Lastly, the Importance Measure could be either the Maximum Absolute value or the Mean Absolute value, such as:

- mean takes the average absolute importance across all instances of those 2 feature combos
- max takes the maximum absolute importance
Therefor, in a series that had importance of [2, -7, 0, 0, 0, 0] the max score would be 7, and a mean score of wound be 1.5.
Mean best shows how the features are correlated and maximum focuses on outliers.

Interpreting two-factor interactions: clicking on each individual row or card will bring up a pop-out with detailed bi-variate chart.

The plot demonstrates how the two selected features interact in relation to Buy/Sell signal strength.

Using the plot above as an example - we are looking at an interaction between Analyst Expectations and Log Market Cap. Analyst Expectations are represented by the color scale on the right, Log Market Cap is plotted on the X axis and Buy/Sell signal on the Y axis.

The plot shows us that Analyst Expectations are somewhat weakly correlated with a Buy/Sell signal for high Market Cap companies, and there is less scatter, outcome are more uniform for high Market Cap stocks.

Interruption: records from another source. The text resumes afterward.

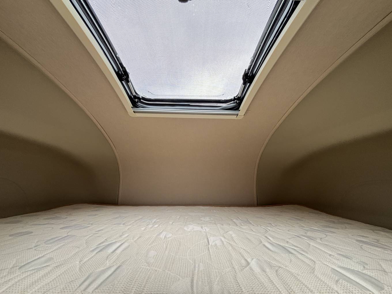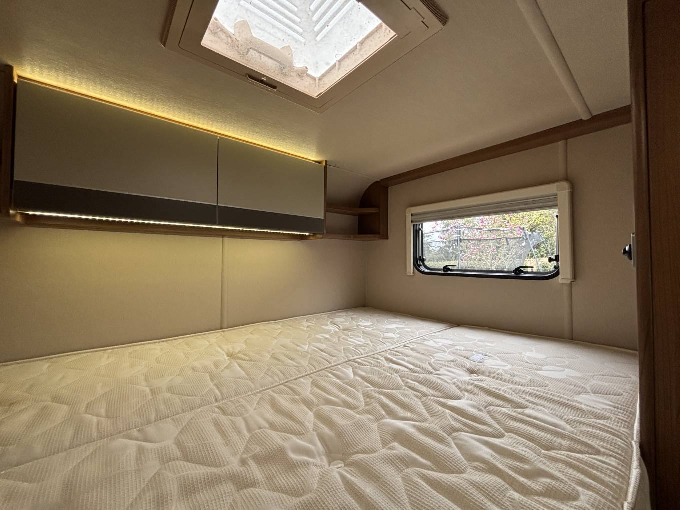 To the very front of the motorhome above the cab area is a double bed with a sky light above to give plenty of natural light.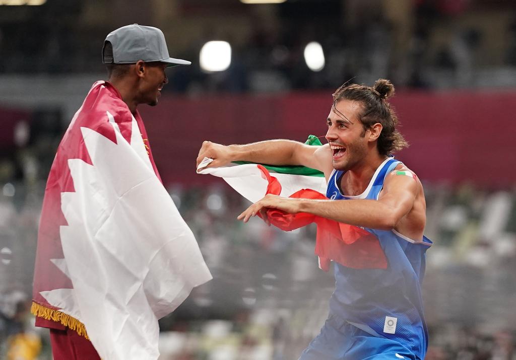 意大利和卡塔尔男子跳高选手并列冠军后久久拥抱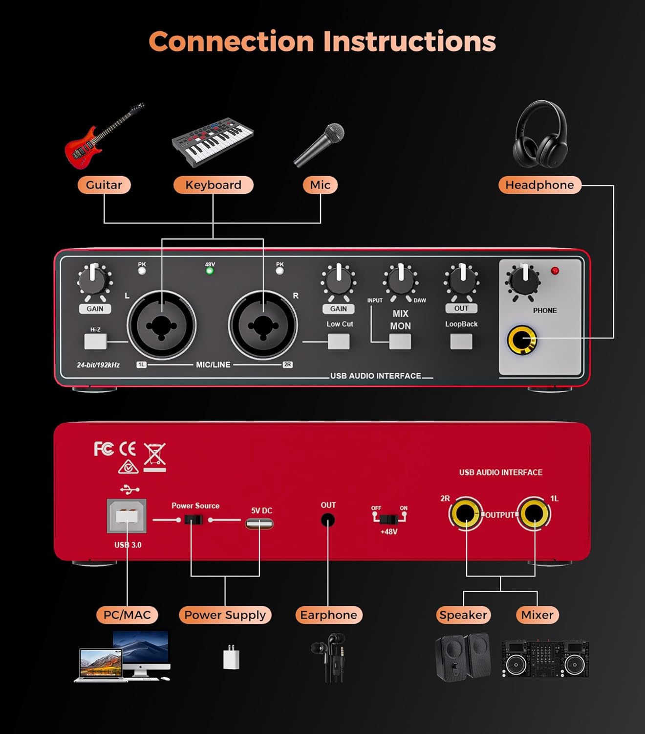 - Professional-grade Audio Quality (24-bit/192kHz): Studio-QUALITY Recording, The audio interface delivers studio-quality clear recordings, accurately capturing every detail of vocals and instruments, meeting broadcast-grade audio quality requirements. our advanced circuitry eliminates that annoying background hiss, Meanwhile the headphone jack enables zero-latency, low-noise monitoring.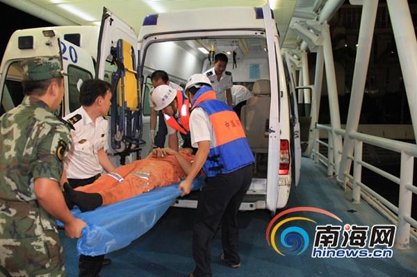 8月21日凌晨2点45分左右,在“海巡11302”的全程护航下,“FU HAI”轮顺利靠泊凤凰岛国际邮轮码头。此时,三亚市急救中心的救护车已经在码头等候,两名伤员从船上转移至救护车上,迅速送往医院进行抢救,另一名船员经医护人员确认已经死亡。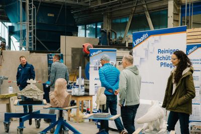 Ein künstlerisches Highlight war die Ausstellung von Steinmetz- und Steinbildhauermeister Florian Weber. Einige seiner Werke waren während der Veranstaltung direkt in unseren Produktionshallen zu sehen und sorgten für Staunen und Gesprächsstoff.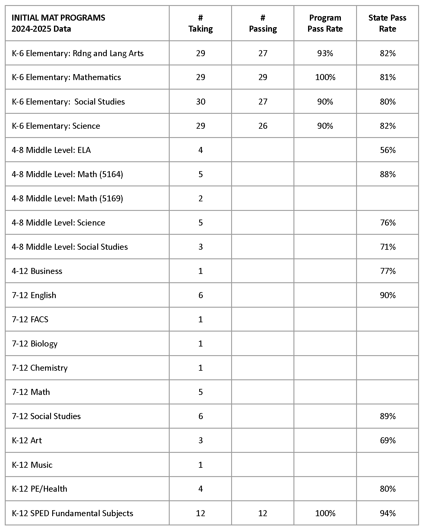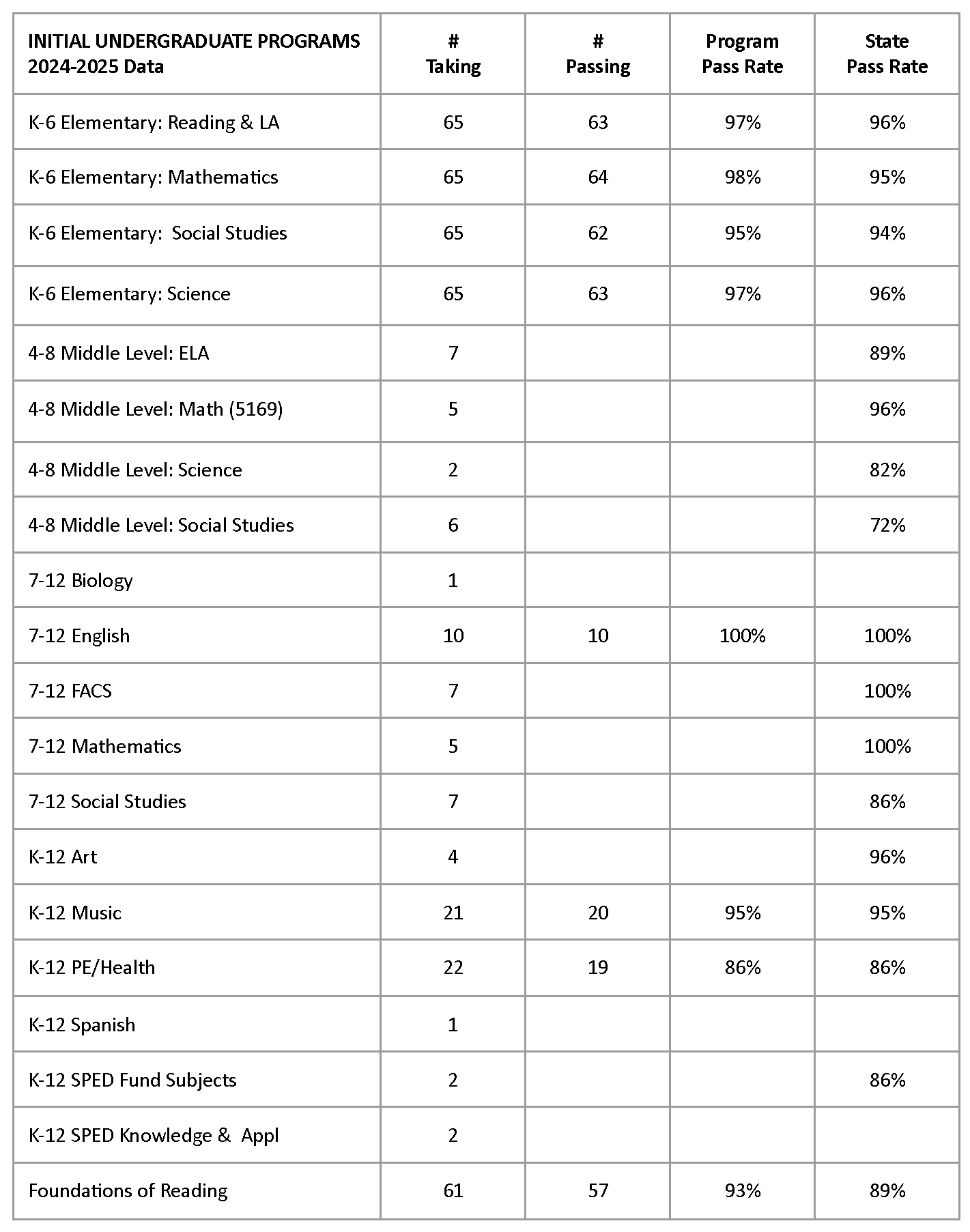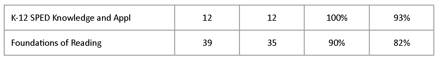 - Both initial and advanced programs report overall success in candidate ability to pass the required Praxis content exam(s) with many programs yielding pass rates at 90% and higher. For initial programs, changes to policy for “Gate 3” (admission to internship 2) have resulted in higher pass rates, notably for the K6 program. Candidates must now meet the ADE/AAP score for admission to Gate 3 (https://uca.edu/ocs/aap-provisional/). Additionally, the EPP has created several support and remediation structures for students struggling to pass their required exam(s) successfully, including: 240 Tutoring, Praxis Boot Camps (DESE grant), and state resources/tutoring programs. Undergraduate K6 Social Studies continues to be an area of focus for continuous improvement.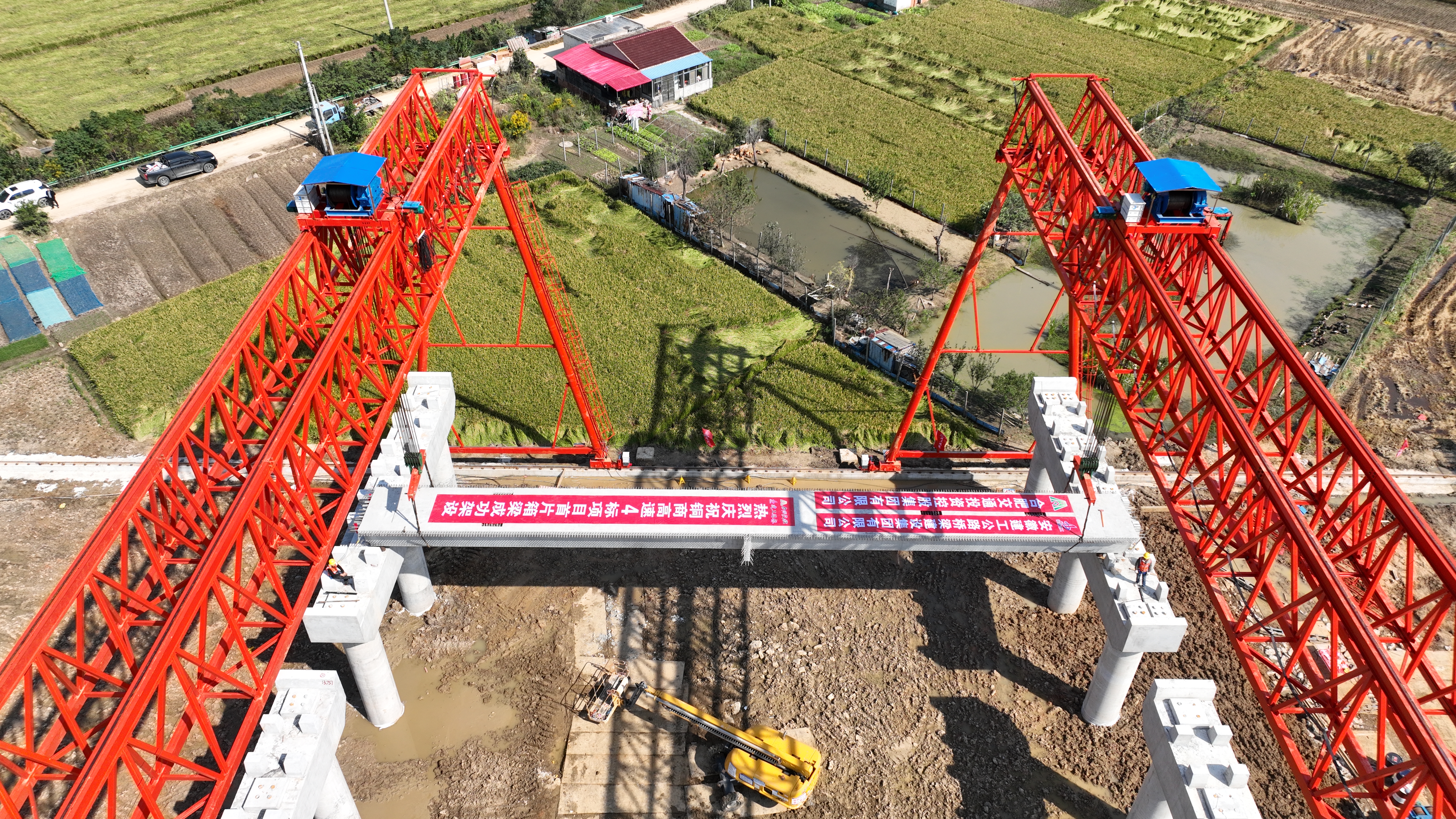 本次作業(yè)箱梁長(zhǎng)30米,重達(dá)99.32噸。為確保預(yù)制箱梁順利架設(shè),項(xiàng)目部在正式起吊前進(jìn)行了嚴(yán)格的試吊檢驗(yàn),有效把控箱梁施工質(zhì)量。同時(shí),對(duì)設(shè)備與吊具安全性進(jìn)行了全面排查,并不斷優(yōu)化運(yùn)架梁方案,全力保障了施工過(guò)程中的質(zhì)量穩(wěn)定與作業(yè)安全。此外,項(xiàng)目在杭埠河南北兩岸同步增置了2個(gè)提梁點(diǎn),形成“南北兩岸同步發(fā)力、雙點(diǎn)作業(yè)”的架設(shè)格局,有效提升了施工效率。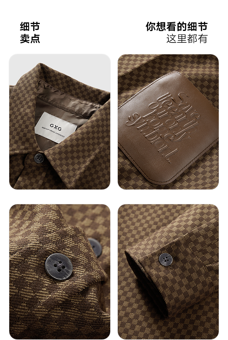 GXG男装 咖啡色口袋设计通勤长袖衬衫24冬热卖G24X034050
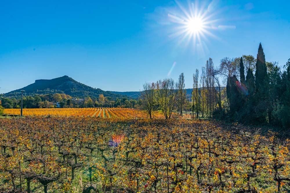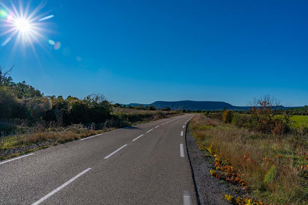 The plan today, do an out and back to the end of the D181 which is not too terribly far, flip it back to Pompignan and go finish with the south part of the D181. Right off the bat, incredible light in the vineyards.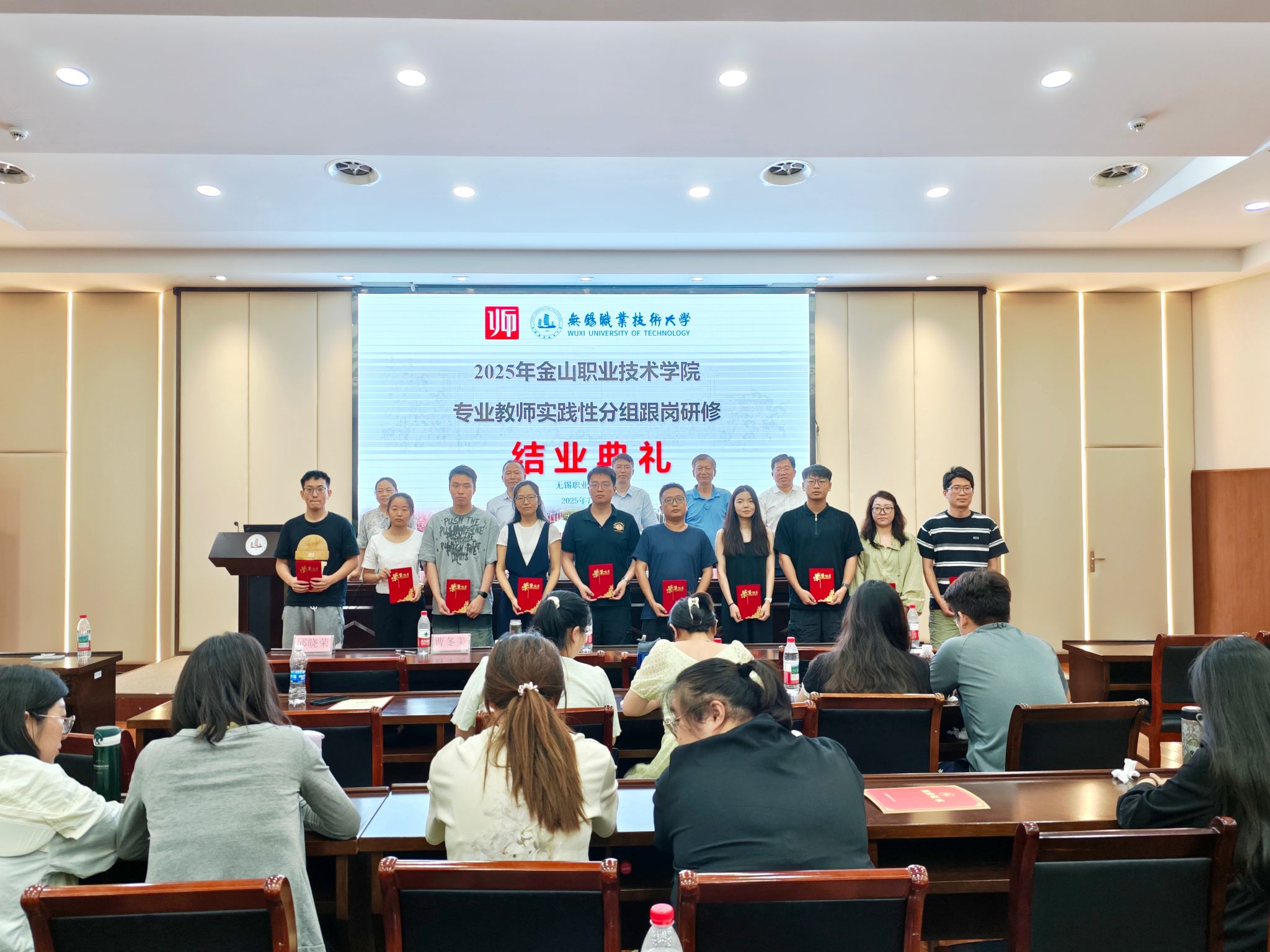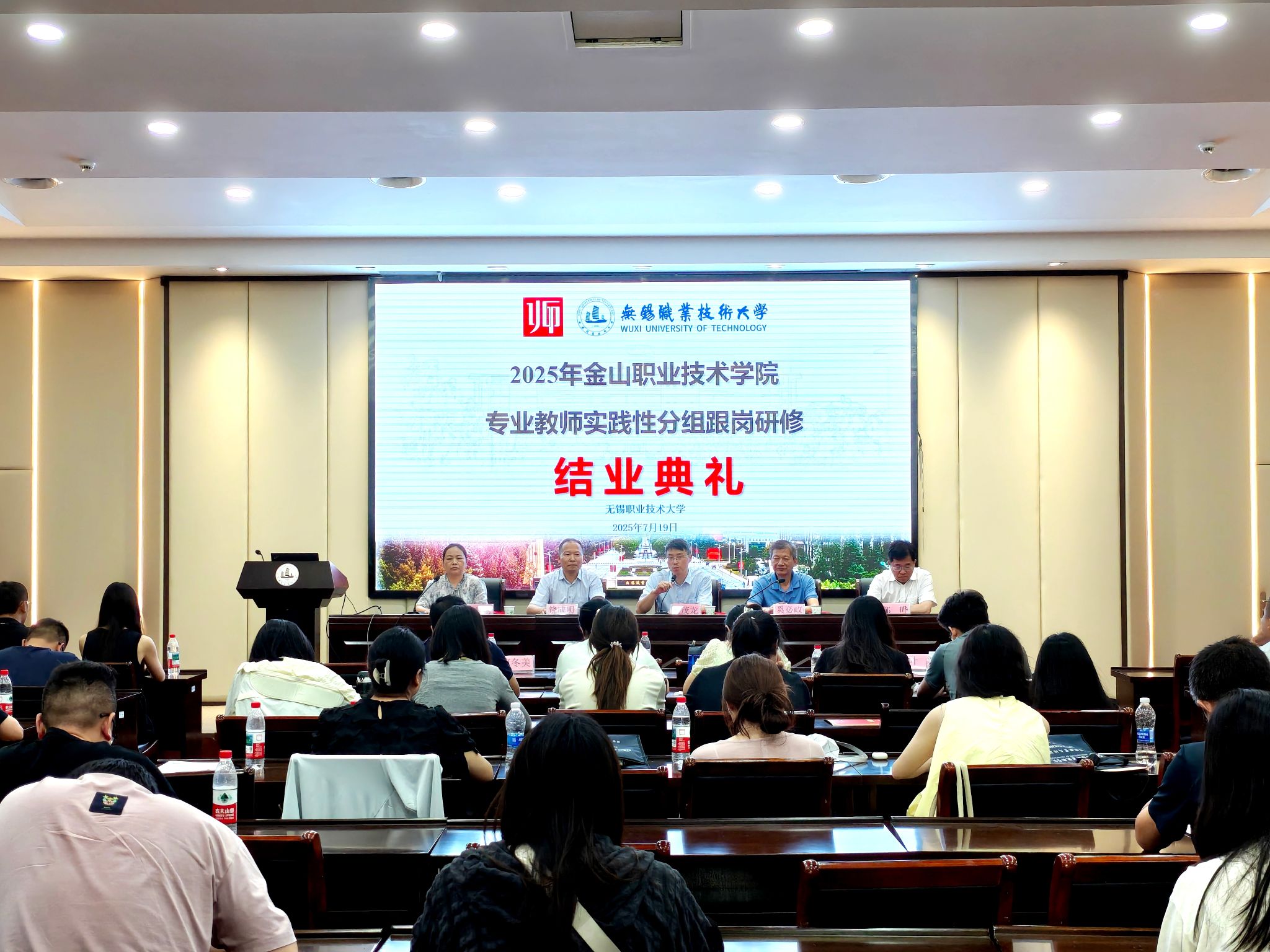 7月19日上午,2025年金山职业技术学院专业教师实践性分组跟岗研修培训班结业仪式在我校国际交流中心第二报告厅举行,金山职业技术学院副校长奚必政、我校副校长奚茂龙、继续教育与培训部主任饶成明、汽车与交通工程学院党政领导参加结业典礼,典礼由汽车学院党总支书记张美娟主持。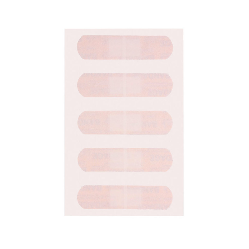 Conjunto de pensos rápidos em estojo de PP. Estojo translúcido com abertura deslizante lateral. Inclui 5 pensos esterilizados.
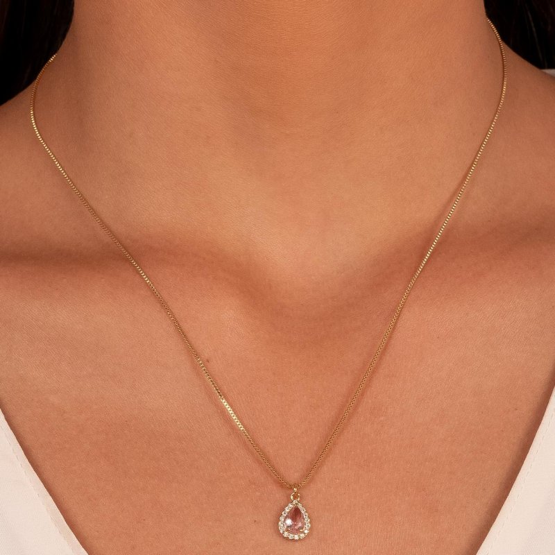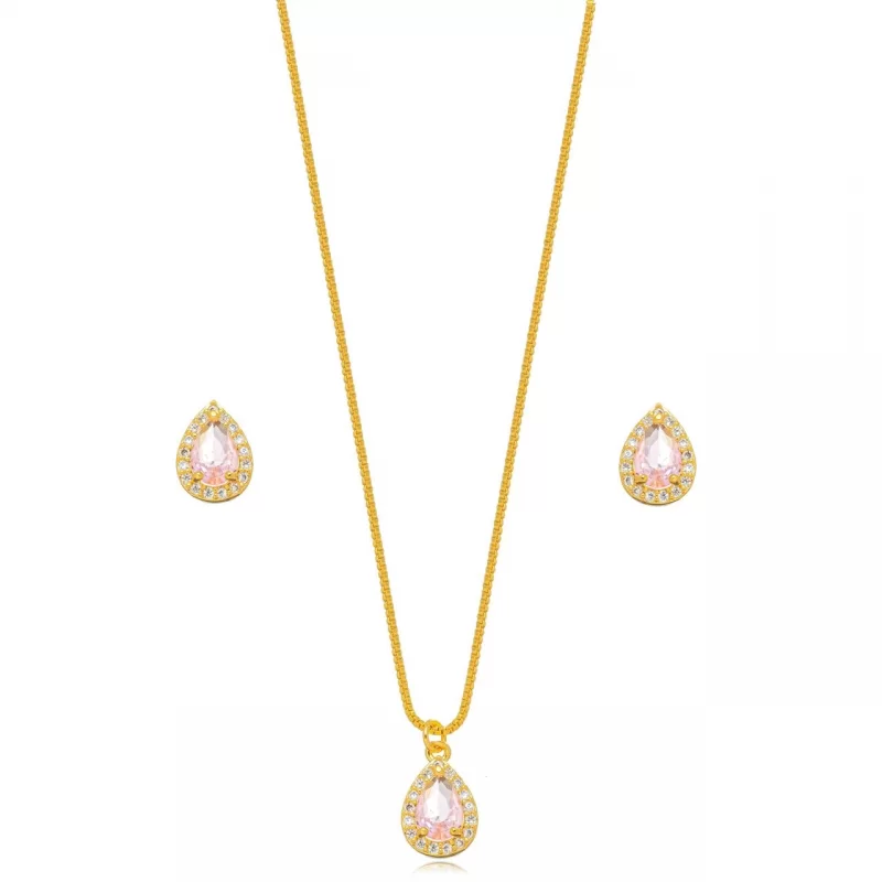 Conjunto Gota Cravejado Rosa Confeccionado em Banho de Ouro Amarelo 18K.

However, high Analyst Expectations for smaller companies could actually be a Sell signal, while low expectations for small companies could generate a strong Buy.

Note: 

1) Axes can be swapped to get different perspective on the interactions.

2) Axes can be plotted based on Value or Percentiles, which normalizes factor values for potentially cleaner representation.

3) For binary variables (True / False) such as Sectors - value of 1 (bright orange) will represent True and 0 will be false.